# How do you use the Product Rule to find the derivative of y = x(x^2 - 2x + 1)^4?

Aug 1, 2015

${y}^{'} = \left(9 x - 1\right) \cdot {\left(x - 1\right)}^{7}$

#### Explanation:

The product rule allows you to differentiate functions that can be written as the product of two other functions

$y = f \left(x\right) \cdot g \left(x\right)$

by using this formula

color(blue)(d/dx(y) = f^'(x) * g(x) + f(x) * g^'(x)

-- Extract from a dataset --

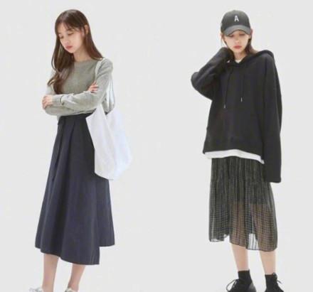 雪紡裙配上衛衣可以搭出街頭混搭風的風格〜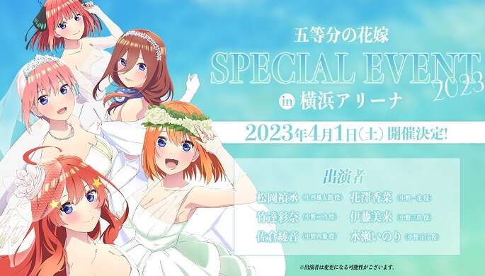 そして、2023年4月1日(土)には、なんと横浜アリーナでスペシャルイベントの開催が決定しました。公演タイトルは、「五等分の花嫁 SPECIAL EVENT 2023 in 横浜アリーナ」です。

In your case, you can write $y$ as

$y = x \cdot {\left({x}^{2} - 2 x + 1\right)}^{4} = x \cdot {\left[{\left(x - 1\right)}^{2}\right]}^{4} = x \cdot {\left(x - 1\right)}^{8}$

This means that its derivative can be found by using the product rule

${y}^{'} = \left[\frac{d}{\mathrm{dx}} \left(x\right)\right] \cdot {\left(x - 1\right)}^{8} + x \cdot \frac{d}{\mathrm{dx}} {\left(x - 1\right)}^{8}$

${y}^{'} = 1 \cdot {\left(x - 1\right)}^{8} + x \cdot 8 \cdot {\left(x - 1\right)}^{7}$

${y}^{'} = {\left(x - 1\right)}^{7} \left(x - 1 + 8 x\right) = \textcolor{g r e e n}{\left(9 x - 1\right) \cdot {\left(x - 1\right)}^{7}}$